There is a huge focus on big data nowadays. Driven by ever decreasing prices and ever increasing capacity of data storage solutions, big data provides magical insights and new windows into the exploitation of the long tail and addressing micro markets and their needs. Big data can be used to build, test and validate models and ideas Big data holds promise akin to a panacea. It is being pushed as a universal solution to all ills. But if you look carefully and analyze correctly what big data ultimately provides is what Marshall MacLuhan described as an accurate prediction of the present. Big data helps us understand how we got to where we are today. It tells us what people want or need or do within a framework as it exists today. It is bounded by today’s (and the past’s) possibilities and ideas.
But big data does not identify the next seismic innovation. It does not necessarily even identify how to modify the current big thing to make it incrementally better
In the October 2013 issue of IEEE Spectrum, an article described the work of a company named Lex Machina. The company is a classic big data play. They collect, scan and analyze all legal proceedings associated with patent litigation and draw up statistics identifying, for instance, the companies who are more likely to settle, law firms that are more likely to win, judges who are more favorable to defendants or the prosecution, duration and cost assessments of prosecutions in different areas. So it is a useful tool. But all it does is tell you about the state of things now. It does not measure variables like outcomes of prosecution or settlements (for instance, if a company wins but goes out of business or wins and goes on to build a more dominant market share or wins and nothing happens). It does not indicate if companies protect only specific patents that have, say, an estimated future value of, say, $X million or what metric companies might use in their internal decision making process because that is likely not visible in the data.
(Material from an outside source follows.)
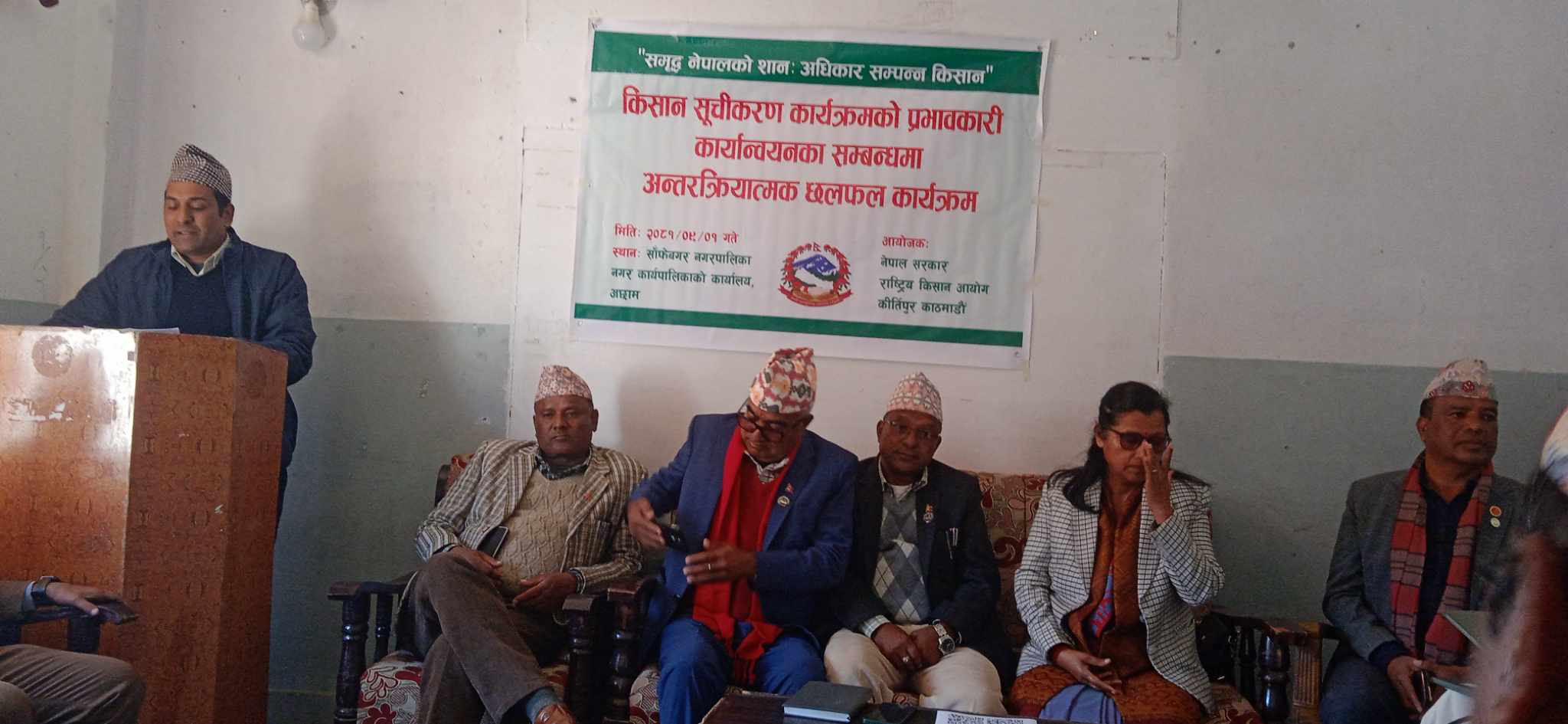 भगवती कुँवर, अछाम : किसान सुचीकरण कार्यक्रमको प्रभावकारी कार्यन्वयनका सम्बन्धमा अन्तर क्रियात्मक छलफल कार्यक्रम साँफेबगरमा सम्पन्न भएको छ । “समृृद्ध नेपालको शान,अधिकार सम्पन्न किसान भन्ने” मुल नाराका साथ राष्ट्रिय किसान आयोगको आयोगजना अन्तर्गत सुदूरपश्चिमको दोस्रो चरणको कार्यक्रम साँफेबगरमा सोमबार सम्पन्न भएको हो। पहिलो चरणको कार्यक्रम बैतडी, दार्चुला, डडेलधुरा र बझाङका जनप्रतिनिधि संग छलफल गरेर शुक्रबार…

Marissa Meyer, the hyper-analyzed and hyper-reported-on CEO of Yahoo!, famously tests all decisions based on data. Whether it is the shade of purple for the new Yahoo! logo, the purchase price of the next acquisition or value of any specific employee – it’s all about measurables.
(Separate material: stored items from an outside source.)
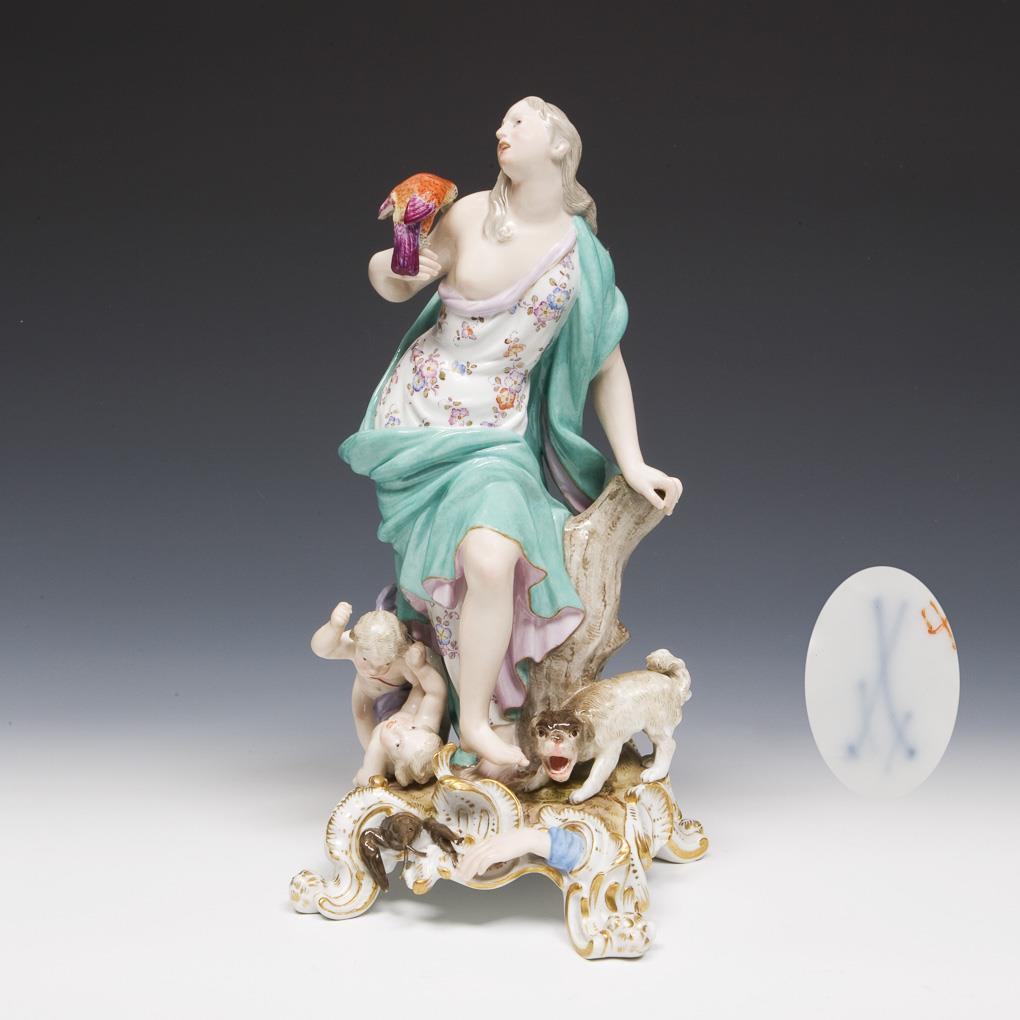 Model by Friedrich Eberlein 1748. From a series of five figures: hearing (ears), smell (nose), taste (tongue), face (eyes), feeling (skin), painted in color, gold painted. Incised mark, painter's mark, sword mark. One wing, one toe, antennae bumped.
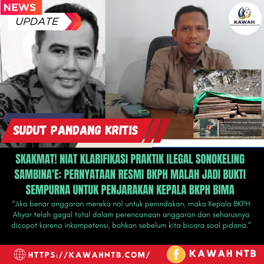 Publik tidak lagi menuntut, tetapi menantang Kejaksaan Negeri Raba Bima untuk segera bertindak. Pernyataan resmi BKPH sudah lebih dari cukup sebagai bukti permulaan.
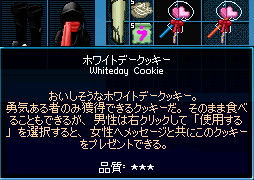 間延び。オンラインゲーム Mabinogi(マビノギ)のプレイ日記とか。PAGE | 34 35 36 37 38 39 40 41 42 43 44 | ADMIN | WRITE 2009.03.20 Fri 01:17:54 スマッシュE→A 殴り倒す2009.03.19 Thu 02:32:06 お返しにはクッキーを3/5~3/19までホワイトデーイベントでしたね。
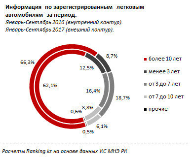 Казахстанцы покупают более дешевые подержанные автомобили. Объем зарегистрированных легковых автомобилей старше трех лет за год вырос с 87,5% до 91,3%.

But how can you measure the immeasurable? If something truly revolutionary is developed, how can big data help you decide if it’s worth it? How even can little data help you? How can people know what they like until they have it? If I told you that I would provide you with a service that lets you broadcast your thoughts to anyone who cares to subscribe to them, you’d probably say. “Sounds stupid. Why would I do that and who would care what I think?” If I then told you that I forgot one important aspect of the idea, that every shared thought is limited to 140 characters, you would have likely said, “Well, now I KNOW it’s stupid!”. Alas, I just described Twitter. An idea that turned into a company that is, as of this writing, trading on the NYSE for just over $42 per share with a market capitalization of about $25 billion.
Will a strong reliance on big data lead us incrementally into a big corner? Will all this fishing about in massive data sets for patterns and correlations merely reveal the complete works of Shakespeare in big enough data sets? Is Big Data just another variant of the Infinite Monkey Theorem? Will we get the to point that with so much data to analyze we merely prove whatever it is we are looking for?
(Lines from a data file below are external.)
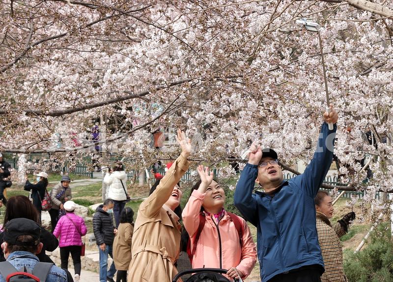 图片说明:3月23日,游客在玉渊潭公园赏樱拍照。
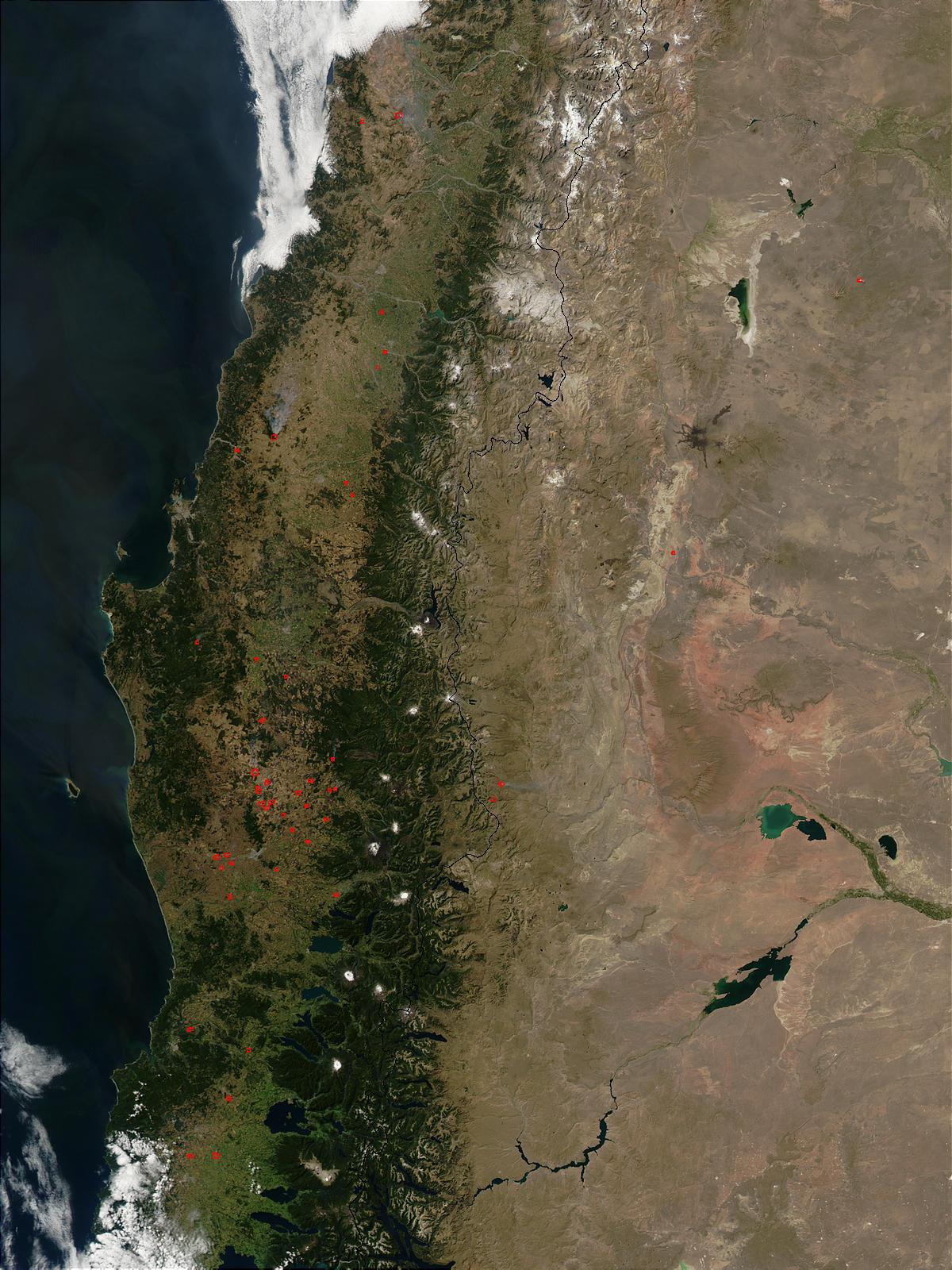 This Moderate Resolution Imaging Spectroradiometer (MODIS) image from the Aqua satellite on March 21, 2003, shows fires (red dots) burning in central Chile (left) in South America. At right is Argentina.
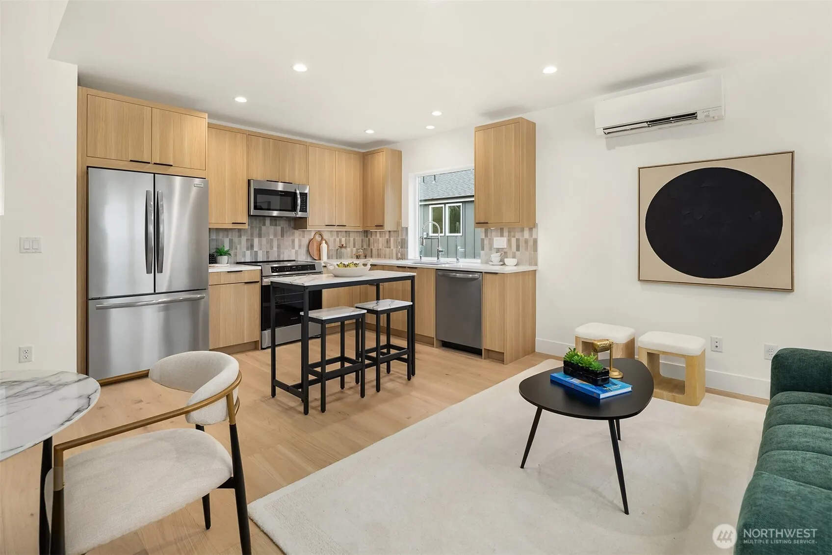 Welcome to Greenlake! This thoughtfully designed two-bedroom home by Moderna Homes sits just blocks from Greenlake Park and Greenwood Avenue, placing the 2.8-mile walking loop, open green space, and year-round recreation right at your doorstep. Everyday conveniences and neighborhood favorites are within easy reach, including Red Mill Burgers, El Chupacabra, and Petit Pierre Bakery. The home is arranged across three distinct levels, offering two private bedroom suites—one on the lower level and one on the upper—while the main floor is dedicated to the kitchen, living, and dining areas. This layout creates a natural separation of space, ideal for privacy, hosting guests, or flexible living. An attached storage shed provides ample room for bikes, gear, and seasonal items, and a designated parking space adds everyday convenience. The chef’s kitchen features high-end appliances, quartz countertops, and modern finishes, complemented by organic textured porcelain tile and warm wood cabinetry that bring depth and an elevated, welcoming feel. A rare opportunity to own new construction in a highly walkable, amenity-rich location where lifestyle and design come together seamlessly.

Already we are seeing that Google Flu Trends is looking for instances of the flu and finds them where they aren’t or in higher frequencies than they actually are. In that manner, big data fails even to accurately predict the present.
It is only now that some of the issues with ‘big data’ are being considered. For instance, even when you have a lot of data – if it is bad or incomplete, you still have garbage only just a lot more of it (that is where wearable devices, cell phones and other sophisticated but merely thinly veiled data accumulation appliances come into play – to help improve the data quality by making it more complete). Then the data itself is only as good as the analysis you can execute on it. The failings of Google Flu Trends are often attributed to bad search terms in the analysis but of course, there could be many other different reasons.
Maybe, in the end, big data is just big hubris. It lulls us into a false sense of security, promising knowledge and wisdom based on getting enough data but in the end all we learn is where we are right now and its predictive powers are, at best, based merely on what we want the future to be and, at worst, are non-existent.